Nóra Barta

Personal information
- Born: 2 April 1984 (age 42) Budapest, Hungary

Sport
- Sport: Diving

Medal record
Representing Hungary
European Championships
| Silver medal – second place | 2008 Eindhoven | 1 m springboard |
| Bronze medal – third place | 2006 Budapest | 3 m springboard |
| Bronze medal – third place | 2010 Budapest | 3 m springboard |
World Junior Championships
| Gold medal – first place | 1999 Pardubice | 1 m springboard |
| Silver medal – second place | 2002 Aachen | 3 m springboard |
European Junior Championships
| Gold medal – first place | 1998 Antwerp | 3 m springboard |
| Gold medal – first place | 2000 Istanbul | 3 m springboard |
| Silver medal – second place | 1998 Antwerp | 1 m springboard |
| Bronze medal – third place | 1999 Aachen | 3 m springboard |
| Bronze medal – third place | 2001 Malta | 3 m springboard |

= Nóra Barta =

Hungarian diver

Nóra Barta (born 2 April 1984) is a Hungarian diver.
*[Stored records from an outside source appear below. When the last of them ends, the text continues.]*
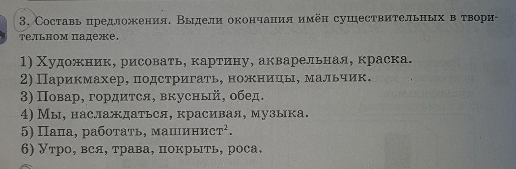 предложения. Выдели окончания имён существительных в твори- тельном падеже.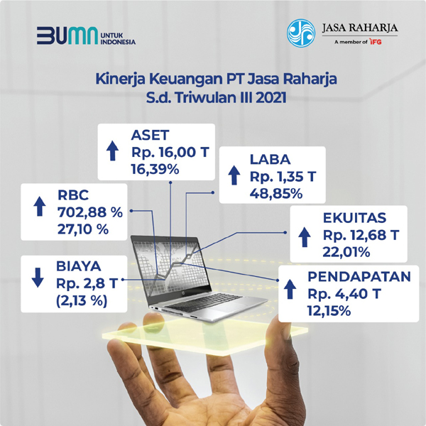Transformasi digital dan Inovasi yang berhasil diusung ditambah dengan keberhasilan melakukan Efisiensi memberikan dampak positif di sektor keuangan Jasa Raharja sehingga membukukan kinerja kuartal III-2021 yang positif. Hal ini terlihat dari pertumbuhan total aset sebesar Rp 16 triliun atau naik 16,39% dari posisi periode sama tahun lalu.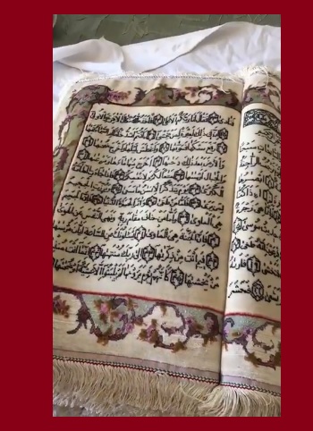 ورغم أنًه تمً من قبل حياكة آيات من القرآن الكريم إلاً إنً هذا الاثر يتفرد بمواصفات لم تحصل من قبل. الحياكة بخيوط الحرير.وقد عرضت عدة دول أسعارا خيالية لشرائه ووضعه في بعض متاحفها.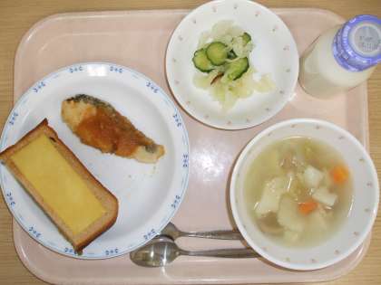 今日の魚は「梨ソース」をかけました。新メニューでしたが、フルーツのほどよい甘味と酸味が揚げた魚によく合い、さっぱりとした味わいでおいしかったです。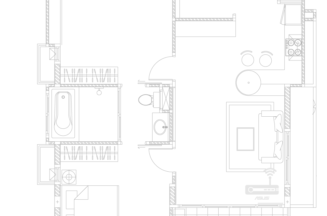 Twój wzmacniacz ASUS RP-AC51 funkcjonuje w domu o dowolnej konstrukcji i wielkości.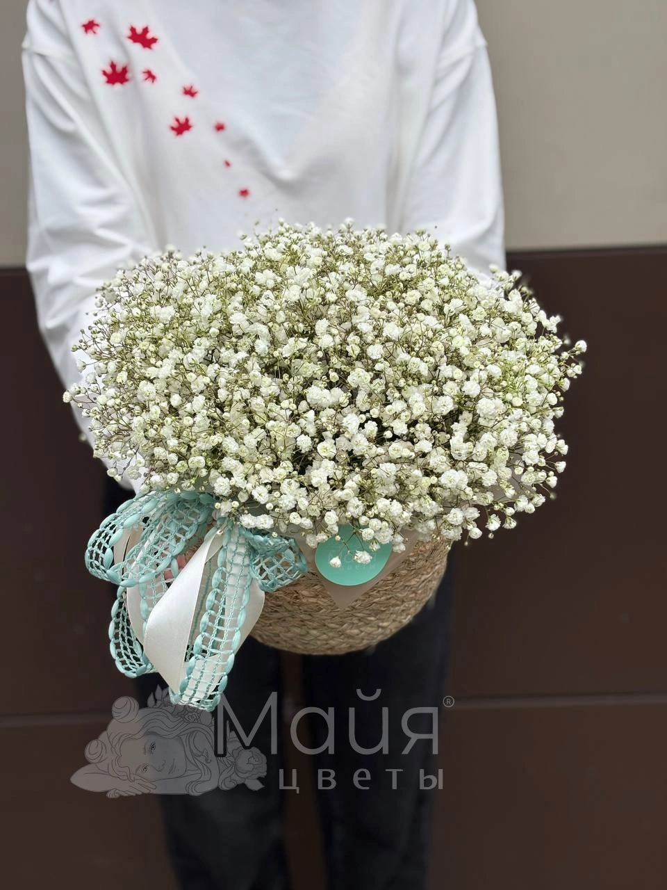 Гипсофила, Упаковочная бумага, Лента, Пиафлор, Корзина рогоз лукошко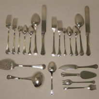 Originally part of a larger service, there are two full settings (each 7 pieces). Also included is a large fish/cake knife, soup spoon, sugar spoon, cheese knife, small fish/cake knife and two pickle forks. Accompanying this are 1 x small fork, 1 x fruit spoon, 3 x teaspoons, 4 x cake knives and 4 x dinner knives. All pieces are stamped ‘Reed and Barton’ and ‘Made in U.S.A.’.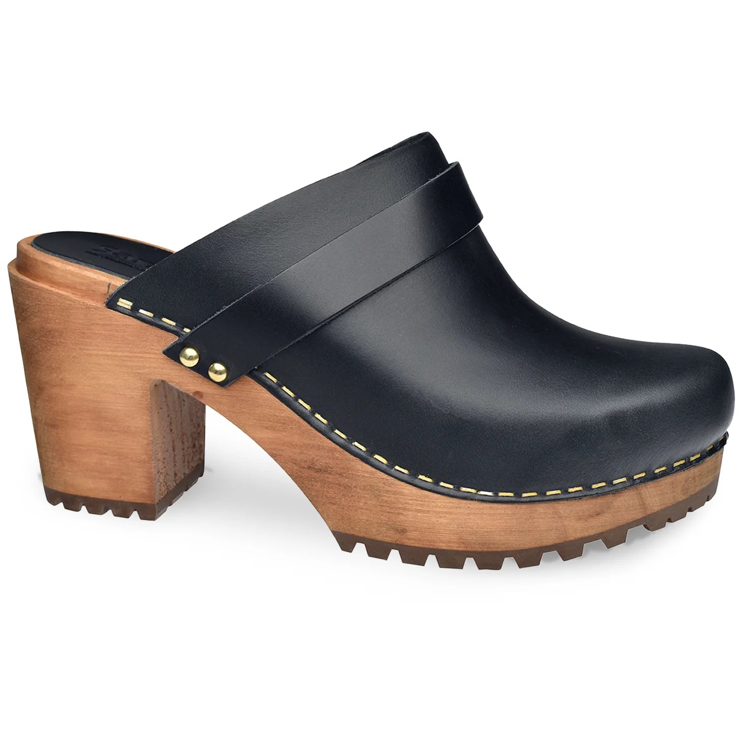 Introducing the Peleni Women's where traditional Danish craftsmanship meets modern elegance. These clogs feature a smooth leather upper, exuding sophistication and comfort with every step. The chunky 9cm high heel adds a bold and fashionable touch, ensuring you stand tall and confident. The loafer detail at the front adds a classic charm, seamlessly blending timeless design with contemporary flair. Perfect for any occasion, these wooden clogs are the ultimate statement piece for the fashion-forward individual.
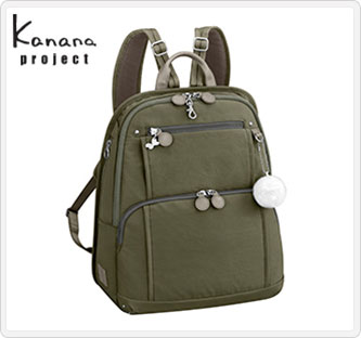 大人の女性が街歩きからちょっとしたレジャーを楽しむためのリュック。外装に4つのファスナーポケットを装備し、さらに内装のポケット機能も充実している。本体素材には、撥水、撥油機能に優れたテフロン?加工を施した生地を採用。メインファスナーには不用意に開かないようにするセーフティロック付き。小物類をスムーズに出し入れできるファスナー付きフロントポケット。キーフック付き。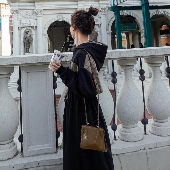 ポイント使いのチェック柄が可愛いフード付きスウェットワンピース。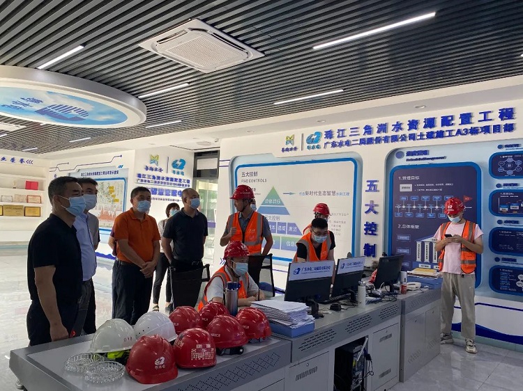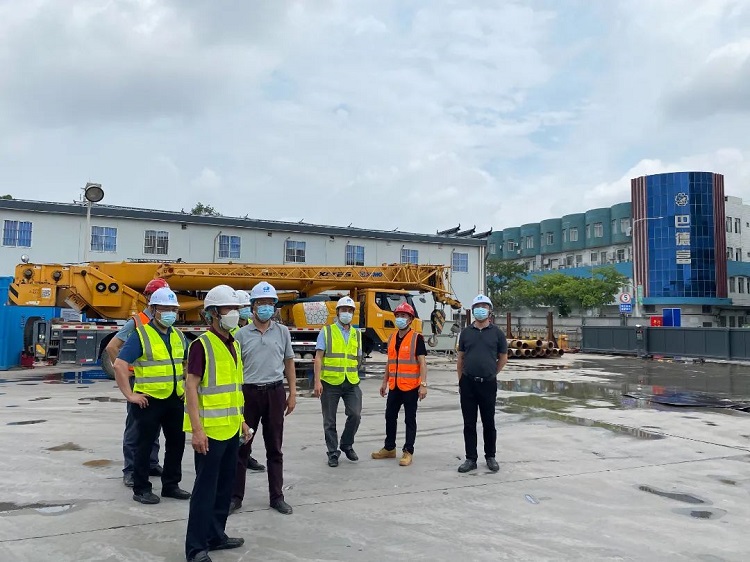 随后,调研组到西水东送珠三角水资源A3标项目部察看工地内工作井的深基坑土方开挖作业情况,并听取了工程情况汇报。目前A3标项目已完成工作井施工,正在进行盾构隧道掘进施工。待完工后,只保留直径约35米的井面作维修检测用,并建设相关的建构筑物,其余的用地交还给属地街道。其中,计划4#工作井结合树林公园进行工作井外观设计,与周边环境进行融合。5#工作井作为渗漏排水井。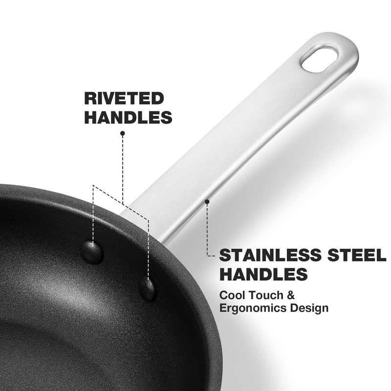 - 3-PLY CONSTRUCTION: Food grade stainless steel pan body with two layers of wear-resistant coating offers both the durability and stability, while also ensuring non-stick performance for a better cooking experience and longer service life.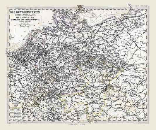 Overview Germany - Stieler 1885 White Modern Wood Framed Art Print with Double Matting by Stieler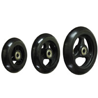サスペンションを備えたような乗り心地と、35mm幅のタイヤによる走破性が特長です。 タイヤ(ゴム)交換が可能なキャスターホイールです。 ■100・125mm |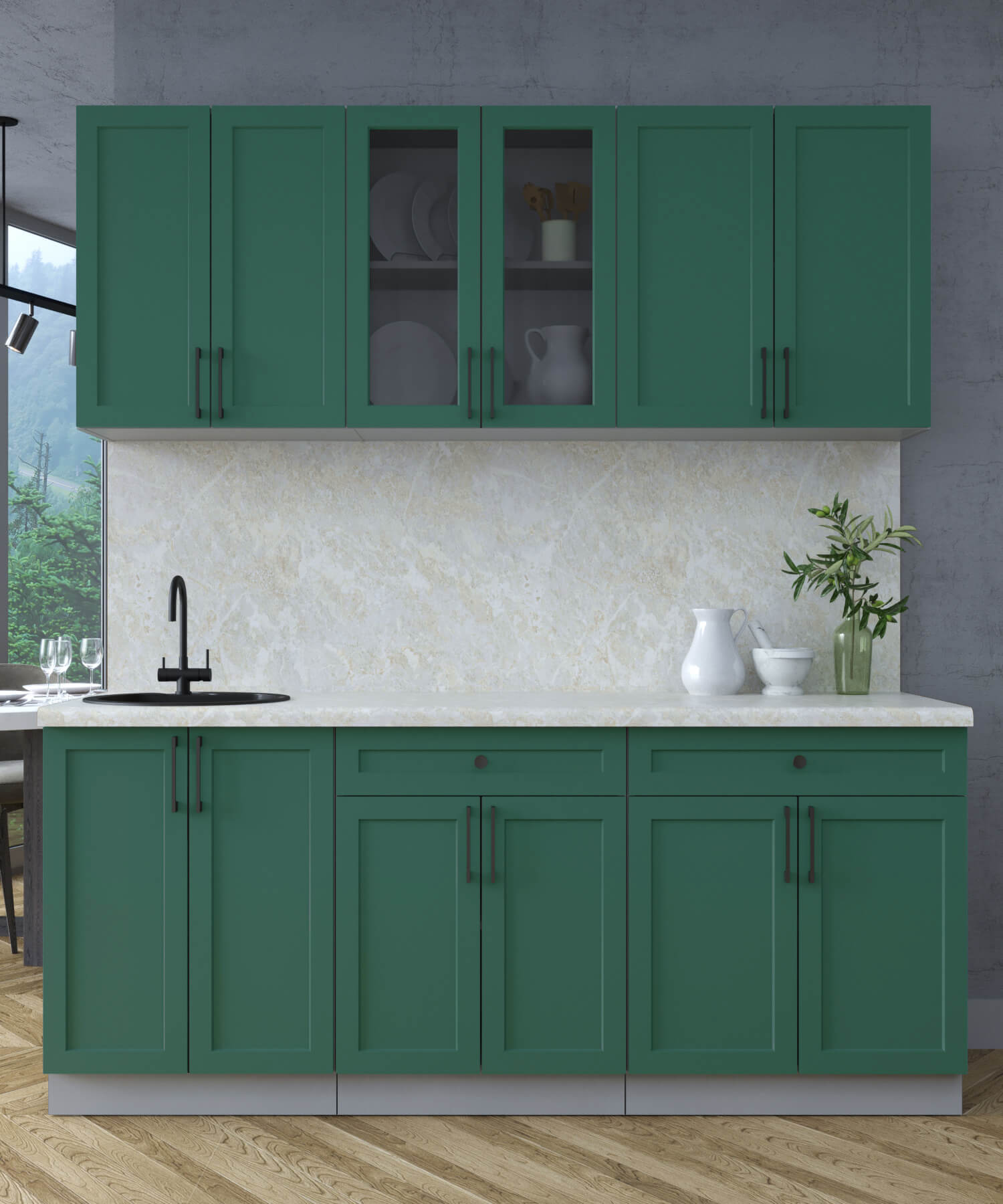 ГОТОВАЯ КУХНЯ ТРЕНД SOFT-TOUCH 1,9А (ИЗУМРУД/ ИЗУМРУД) - Yuta.by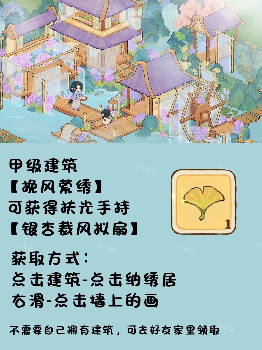 7.甲级建筑【挽风萦绣】可获得扶光手持【银杏裁风拟扇】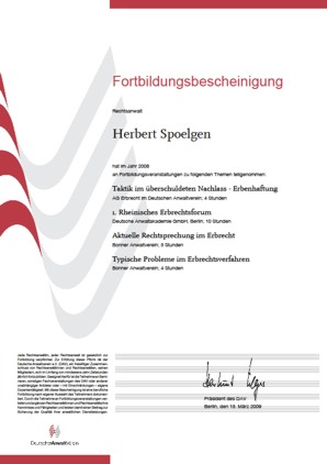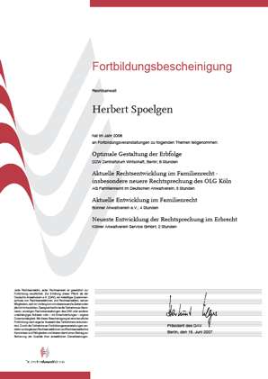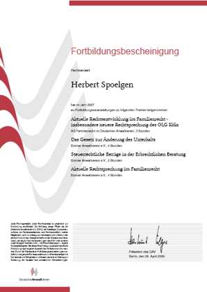 des Deutschen Anwaltvereins für 2011 April 2010: Fortbildungsbescheinigung des Deutschen Anwaltvereins für 2009 März 2009: Fortbildungsbescheinigung des Deutschen Anwaltvereins für 2008 April 2008: Fortbildungsbescheinigung des Deutschen Anwaltvereins für 2007 Juli 2007: Fortbildungsbescheinigung des Deutschen Anwaltvereins für 2006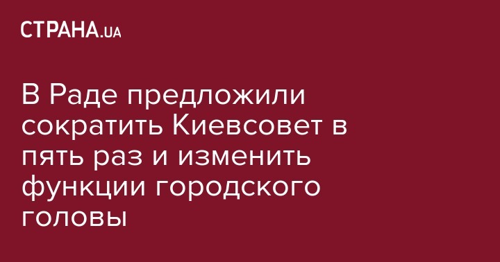 В Верховной Раде зарегистрирован проект новой редакции закона о столице, в котором предлагается уменьшить количество депутатов Киевсовети со 120 до 25 и увеличить полномочия мэра.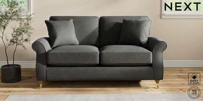 7.2.10 Ashford Relaxed Sit 2 Seater Sofa Tweedy Blend Easy Clean Charcoal Grey Castor - Light | Made Click here to use our website with more accessibility support, for example screen readers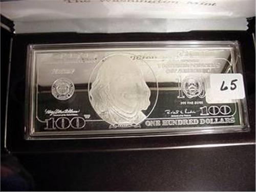 Washington Mint $100 Pure Silver 4 oz. Note in Presentation Case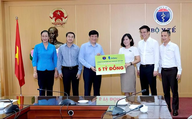 GS-TS Nguyễn Thanh Long - Bộ trưởng Bộ Y tế tiếp nhận ủng hộ lần 2 (ngày 7.8.2020) do bà Nguyễn Thị Hà - Tổng giám đốc Công ty VitaDairy trao tặng trong chiến dịch “Bảo vệ bác sĩ 24h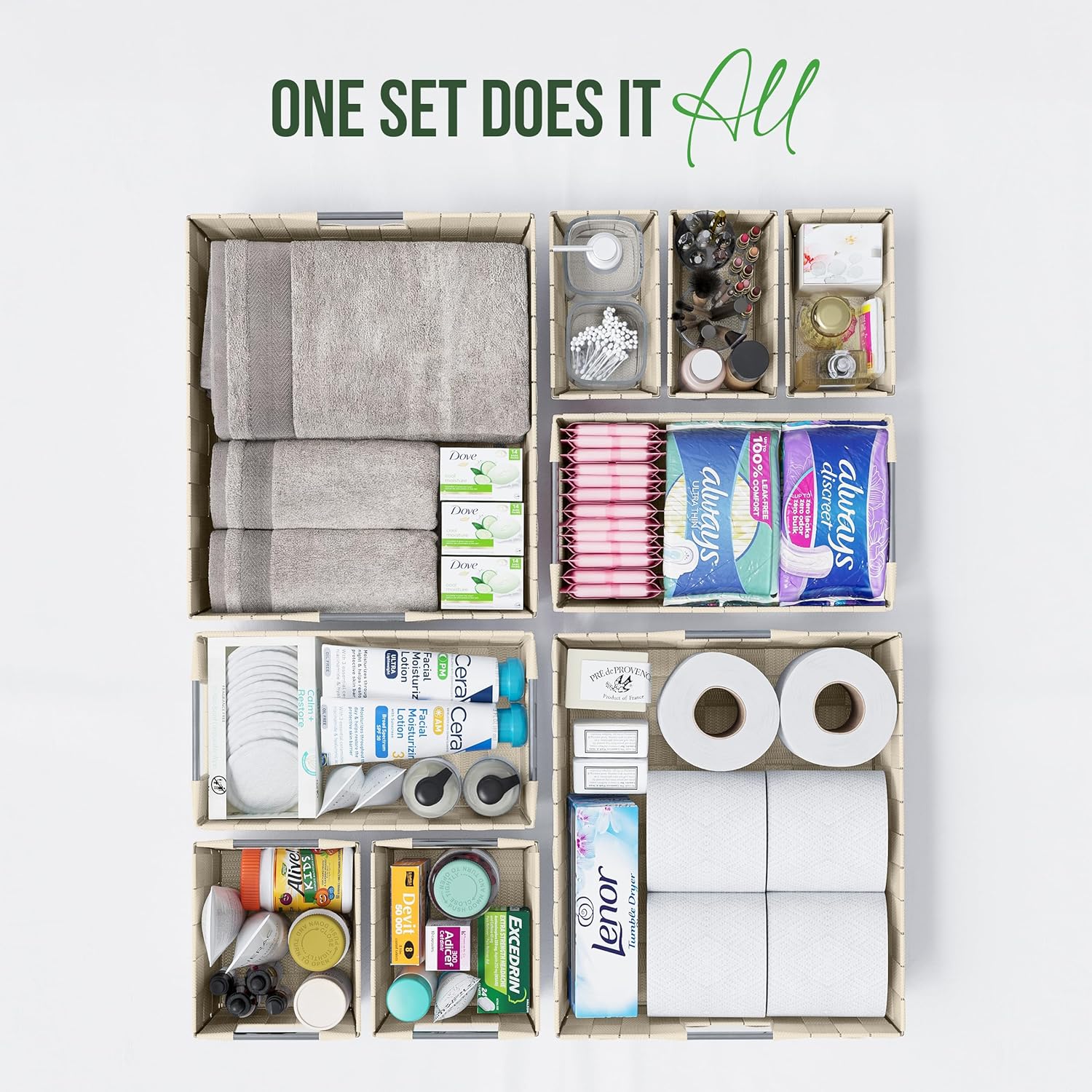 - QUALITY YOU CAN TRUST, SUPPORT YOU CAN RELY ON: At Neaterize, your satisfaction is our priority. Made with premium materials, these small organizer bins and organizing baskets are durable, stylish and perfect for decluttering. Use them as a bathroom basket organizer, closet baskets, or for bathroom closet organizers and storage. Our customer service team ensures a seamless experience with Neaterize. Whether you call them canastas para organizar or woven baskets for storage, they're made for you.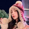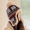 Женская зимняя вязаная шапка-бини с ушами, длинная защита ушей, эластичная и плотная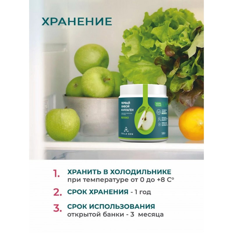 COLLA GEN Живой коллаген (гидролизат) со вкусом яблока, 500гр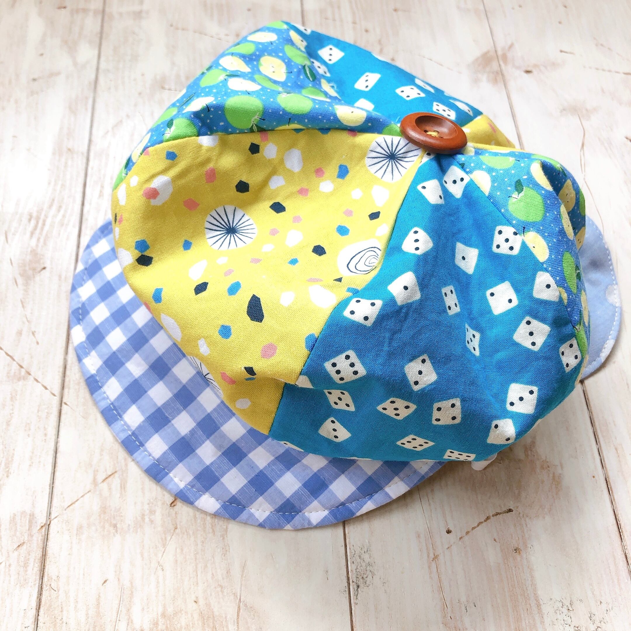 相性の良い3種類の生地を組み合わせて賑やかなキャスケットにしてみました。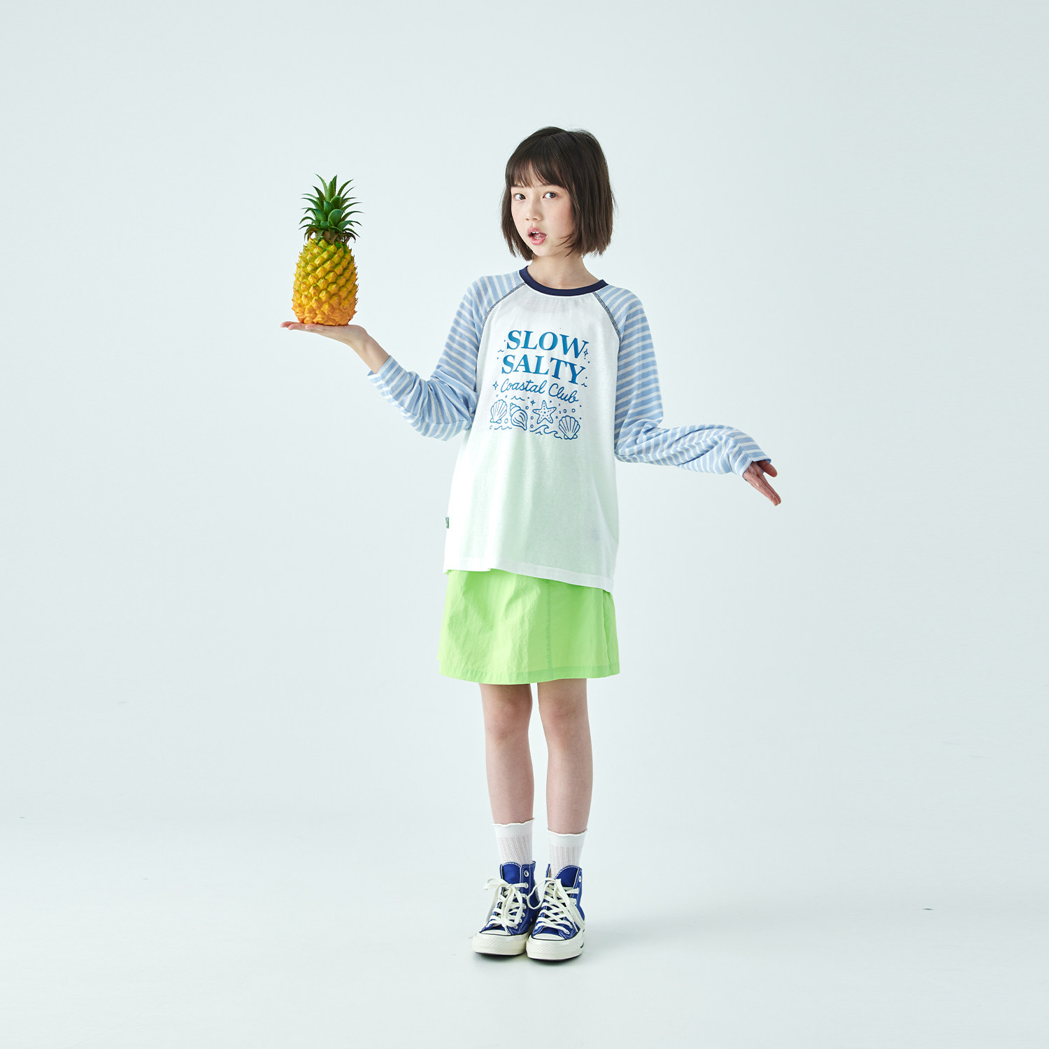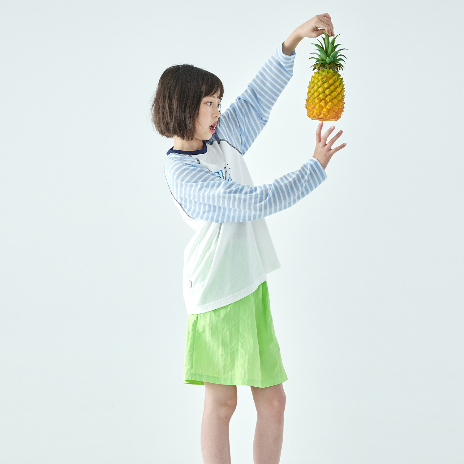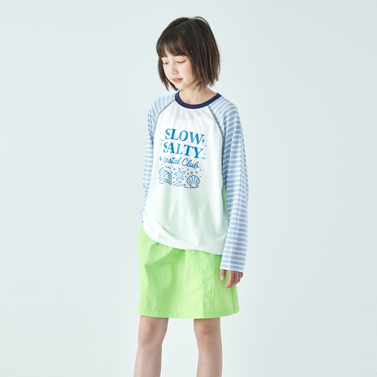 棵初2026年夏季新款亲子中大女童插肩条纹长袖T恤轻薄宽松上衣

She won the bronze medal in 3m Springboard event at the 2006 European Aquatics Championships and the silver in 1 m springboard event at the 2008 European Championships in Aquatics.

Barta has competed in four Olympic Summer Games, 2000, 2004, 2008 and 2012. She reached the final and her best result on the 3 m springboard in 2008. She lives and trains in Eindhoven, The Netherlands.